Als ich dann die ersten Gebäude von Marsaxlokk (es liegt wunderschön in einer Bucht an der Süd-Ostküste Maltas und der Name setzt sich aus dem arabischen Wort Marsa für Hafen und dem maltesischen Wort Xlokk für Südwind zusammen) erkannte, stieg meine Spannung auf das, was mich dort erwarten würde. Natürlich hatte ich vorher darüber gelesen und schon einige Fotos gesehen, aber es gibt Orte, die einen fast umhauen, wenn man sie real vor Augen hat. Und es war tatsächlich umwerfend. So etwas Fantastisches sah ich bisher selten.

Wir fuhren zunächst durch das kleine Dorf … das war noch nichts Spektakuläres:

Was sich dann aber vor meinen Augen auftat, trieb meinen Herzschlag kräftig in die Höhe und mein Atem stockte für einen Moment: diese strahlenden Farben berauschten meine Sinne. Ich saß am Ufer und murmelte nur: „Mein Gott, ist das schön … ist das traumhaft schön!“ und ich fühlte eine große Dankbarkeit, dass ich dies alles sehen und erleben durfte. Ich blickte träumend in Augenpaare (am Bug der traditionellen Boote – die entweder das Horusauge oder die Augen des Osiris, des ägyptischen Totengottes, darstellen. Diese sollen die Fischer vor Gefahren schützen.), bewunderte die wundervoll bemalten Fischerboote, „Luzzu“ genannt (es gibt sie schon seit Urzeiten), genoss die malerische Umgebung und die anheimelnde Atmosphäre dieses sehr ursprünglichen Fischerdorfes. Die Boote schaukelten dabei sanft im Wind und ich fühlte mich um Jahrzehnte zurückversetzt.

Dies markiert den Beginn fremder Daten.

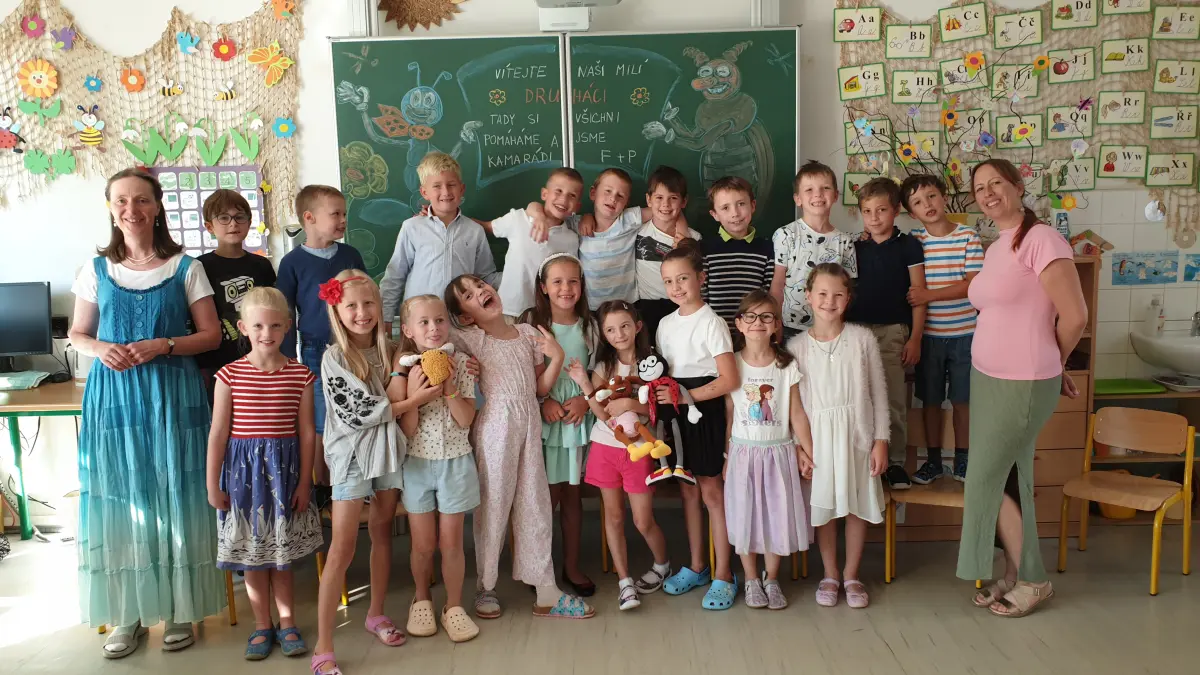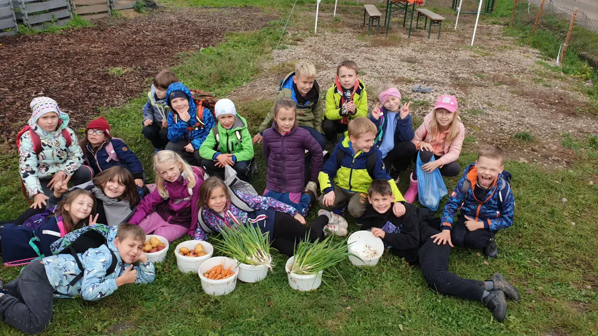 Od loňského roku se staráme o naše třídní políčko v nedalekém areálu výzkumného ústavu. Na podzim jsme sklidili cibuli, mrkev, česnek a vykopali naše vlastní brambory, které jsme si ve školní kuchyňce upekli a snědli.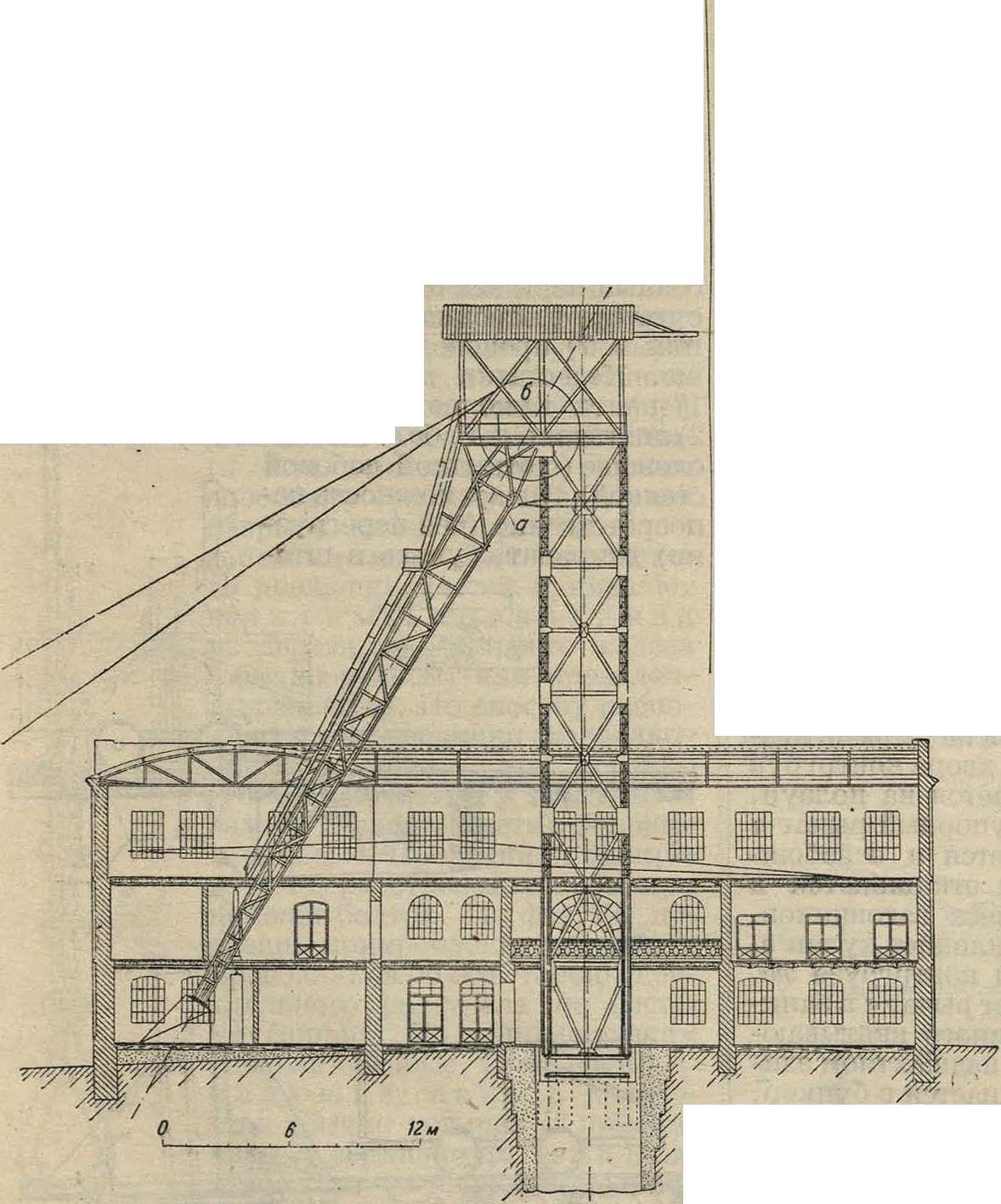 Р. п. в эксплоатацпониых шахтах, так называемым шахтный подъем, при все увеличивающихся глубине шахт и количестве добываемого полезного ископаемого является одним из главных факторов разработки месторождений шахтами. Шахтная подъемная установка состоит из копра а (фигура 3) с укрепленными на нем двумя направляющими шкивами б, подъемной машины с барабаном для навивки канатов и прикрепленных к ним подъемных сосудов. В соответствии с этим шахтные подъемные установки классифицируют по следующим четырем признакам: по роду подъемных сосудов, по органу навивки каната, по способу уравновешивания системы подъема и по роду двигателей.По первому признаку шахтный подъем разделяется на подъем в клетях и подъем в скипах. В первом случае ископаемое, доставленное от забоя к шахте в вагончиках, не перегружается, а выдается на поверхность в тех же вагончиках; во втором случае ископаемое на рудничном дворе перегружают в особые ящики,так называемые «скипы», и в них выдается на поверхность.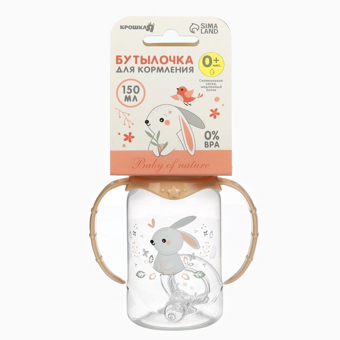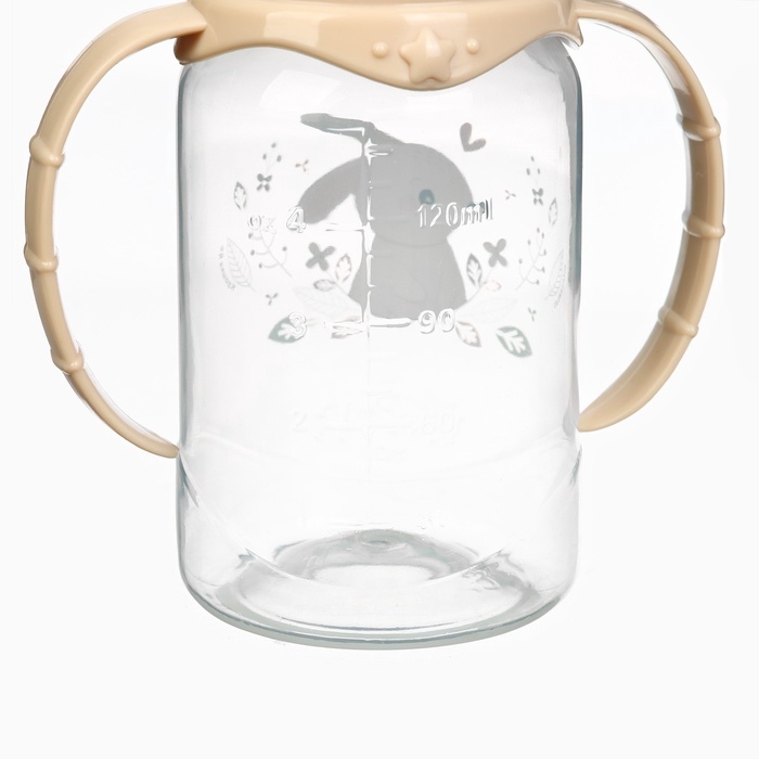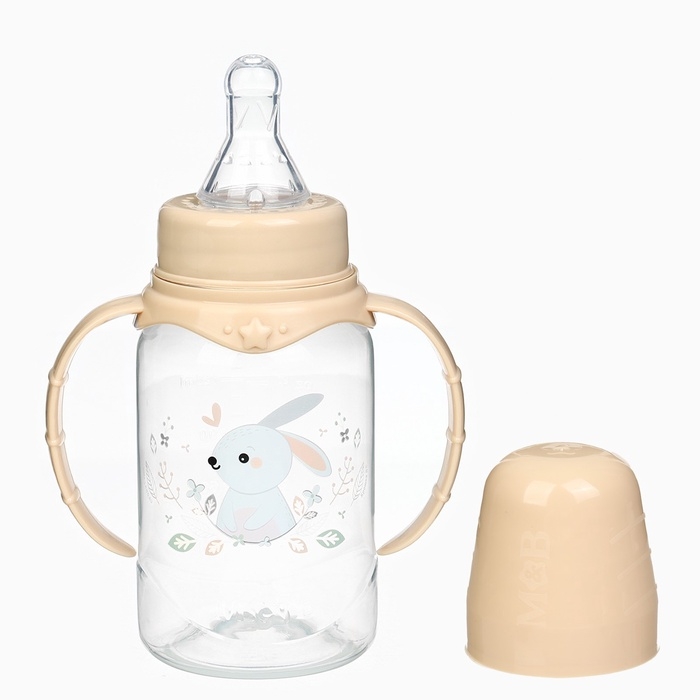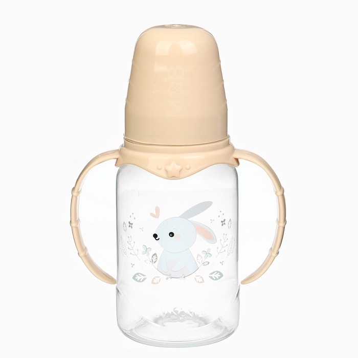 Бутылочка для кормления «Зайчик» 150 мл, цилиндр, с ручками, цвет бежевый

Ein weiteres Highlight war dann noch das köstliche Essen an dieser schönen Uferpromenade: fangfrischer Fisch !

Ich entschied mich für einen gegrillten Fisch, von dem ich kaum etwas wußte und den ich zuvor noch nie gegessen hatte. Ċerna, im Englischen Dusky Grouper genannt. Es ist der Riesen-Zackenbarsch, ein sanfter Riese, der als „Einzelgänger“ in den Höhlen und Riffs rund um Malta umher schwimmt. Sanft ist er allerdings nicht immer, er ist schließlich ein beeindruckender Raubfisch, der bis zu 2,50 Meter lang und bis 360 kg schwer werden kann. Sein Kopf ist sehr groß und sein Mund ganz schön furchterregend.

(Bildquelle:Ruth Rudolph  / pixelio.de)

Auf dem Teller allerdings machte er mir keine Angst und schmeckte sehr, sehr köstlich.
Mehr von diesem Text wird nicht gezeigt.